→ Try it: All lines from the top of the records below through the line holding "尖頂篷房優雅,堅固,潮流,搭", and only those, should be printed exactly, minus the pictures.

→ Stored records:
################

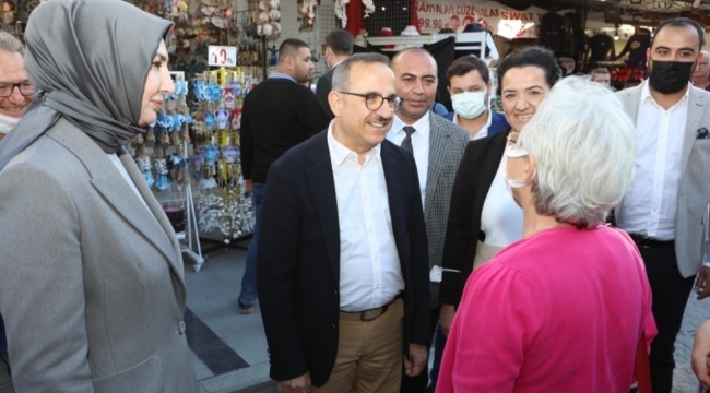 Çeşme Kalesi çarşı esnafını ziyaret ederek sorunlarını dinleyen AK Parti İzmir İl Başkanı Kerem Ali Sürekli, devletin ilçeye yapılan yatırımlarını anlattı. Kısa bir süre önce, Kültür ve Turizm Bakanı Mehmet Nuri Ersoy’un Çeşme’yi uçuracak dev proje için İzmir’e geldiğini hatırlatan Sürekli, sözlerine şu ifadelerle devam etti; “Sayın Bakanımız; Büyük Çeşme Projesi’ni hayata geçirebilmek için büyük çaba harcıyor. Belediyeleri, STK’ları içine alan bir istişare sürecinin ardından gerekli revizyonlar yapıldı. Düğmeye basmak için sabırsızlanıyoruz. 20 Milyar Dolarlık bu proje 100 bin insanımıza istihdam imkânı da sunacak. Doğayı ve çevreyi de koruyacak bu yatırım bölgenin önünü açacak.”
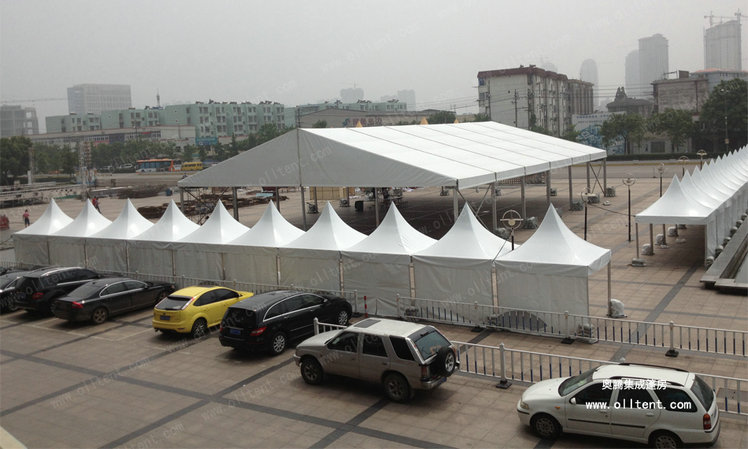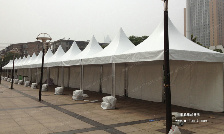 尖頂篷房優雅,堅固,潮流,搭建工期短,易于組裝和拆卸。新錐頂篷固定方式,已獲得設計專利證書,新的固定方式,不但大大減少了組裝時間,很好的防止滑出。無需大型機械協助,單個也可用排水槽連接起來組成更大的面積,形成特殊的造型。
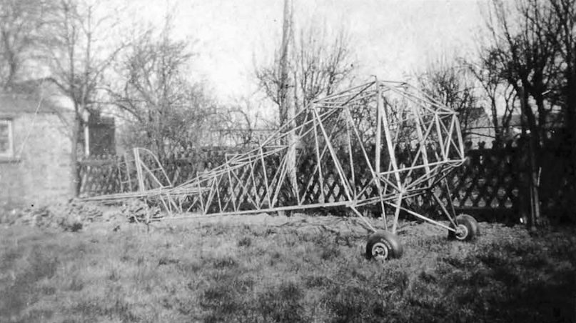 The frame of Fred Brown's Corben Baby Ace in his garden at Walton, Peterborough.
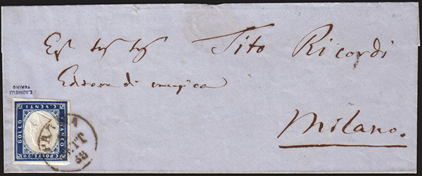 [PARMA - GOVERNO PROVVISORIO] 1859 (3 set.) Uso dei francobolli di Sardegna nel secondo periodo del Governo Provvisorio. Lettera senza testo scritta, per evidenza della calligrafia di altre missive del periodo, dal Maestro Giuseppe Verdi all'editore musicale Tito Ricordi a Milano, affrancata con 20c. azzurro scuro. Sigillo di ceralacca al verso "G V". Timbrino Asinelli Cover..........(Sass. A8)
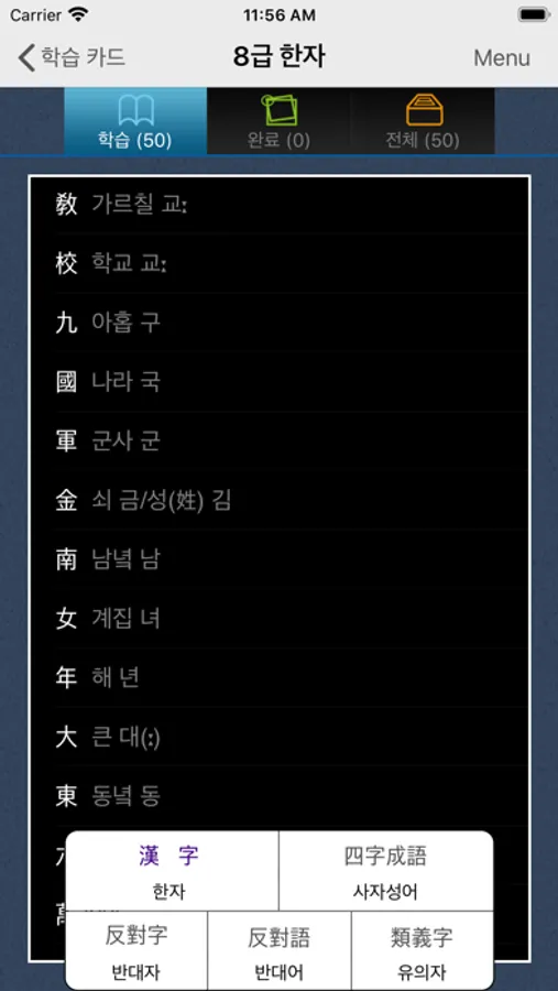 3. 학습을 완료한 한자의 경우, 학습 완료 폴더에서 별도 리스트를 확인할 수 있습니다.
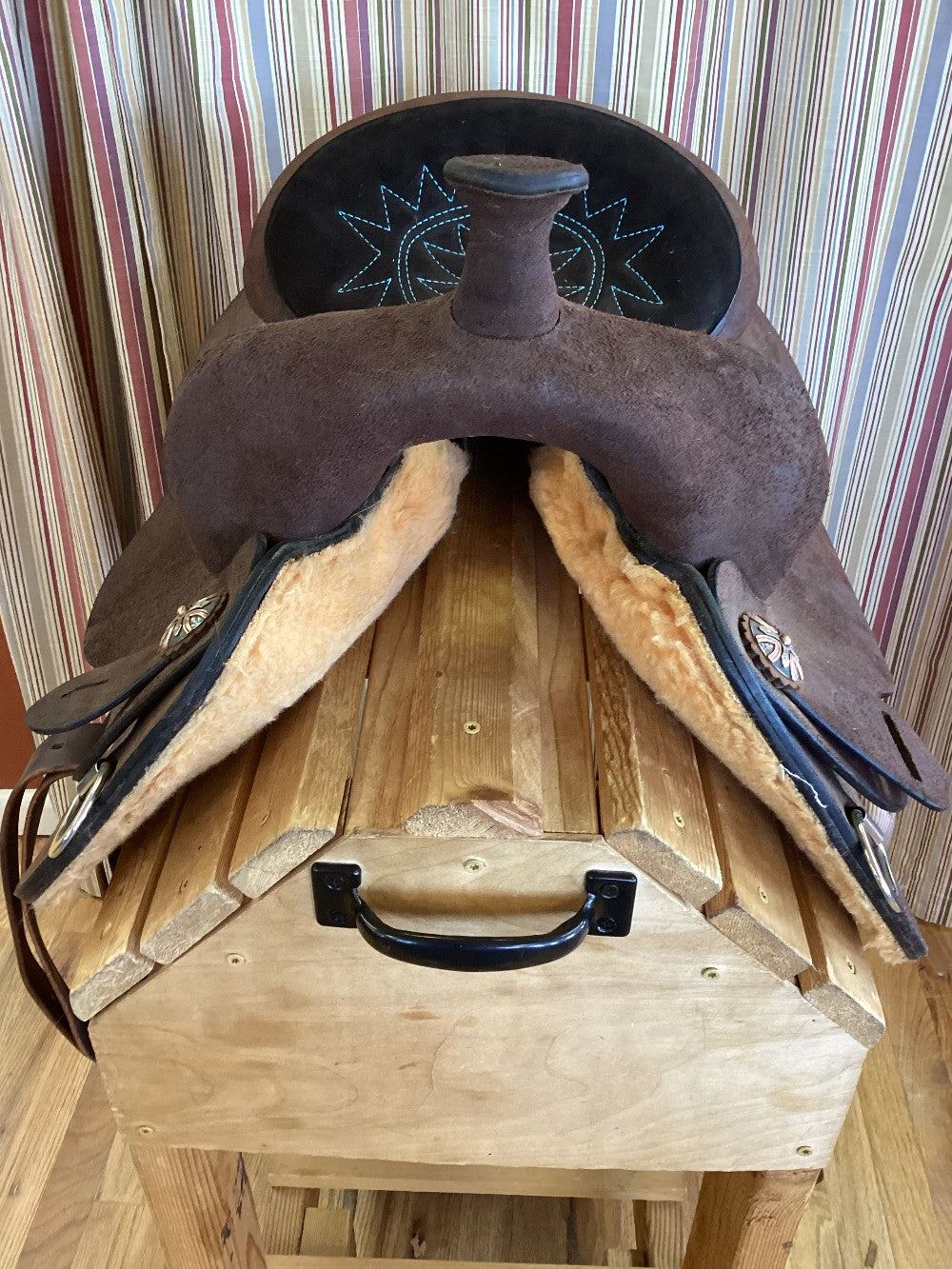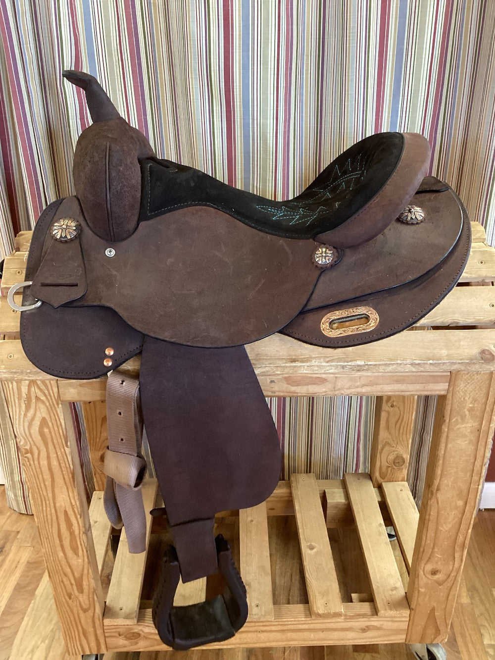 16" High Horse Trainer Oakland Saddle w Latigo, Off Billet, S Straps - Wide Tree - Special Order

################

→ Task result:
 Çeşme Kalesi çarşı esnafını ziyaret ederek sorunlarını dinleyen AK Parti İzmir İl Başkanı Kerem Ali Sürekli, devletin ilçeye yapılan yatırımlarını anlattı. Kısa bir süre önce, Kültür ve Turizm Bakanı Mehmet Nuri Ersoy’un Çeşme’yi uçuracak dev proje için İzmir’e geldiğini hatırlatan Sürekli, sözlerine şu ifadelerle devam etti; “Sayın Bakanımız; Büyük Çeşme Projesi’ni hayata geçirebilmek için büyük çaba harcıyor. Belediyeleri, STK’ları içine alan bir istişare sürecinin ardından gerekli revizyonlar yapıldı. Düğmeye basmak için sabırsızlanıyoruz. 20 Milyar Dolarlık bu proje 100 bin insanımıza istihdam imkânı da sunacak. Doğayı ve çevreyi de koruyacak bu yatırım bölgenin önünü açacak.”
 尖頂篷房優雅,堅固,潮流,搭建工期短,易于組裝和拆卸。新錐頂篷固定方式,已獲得設計專利證書,新的固定方式,不但大大減少了組裝時間,很好的防止滑出。無需大型機械協助,單個也可用排水槽連接起來組成更大的面積,形成特殊的造型。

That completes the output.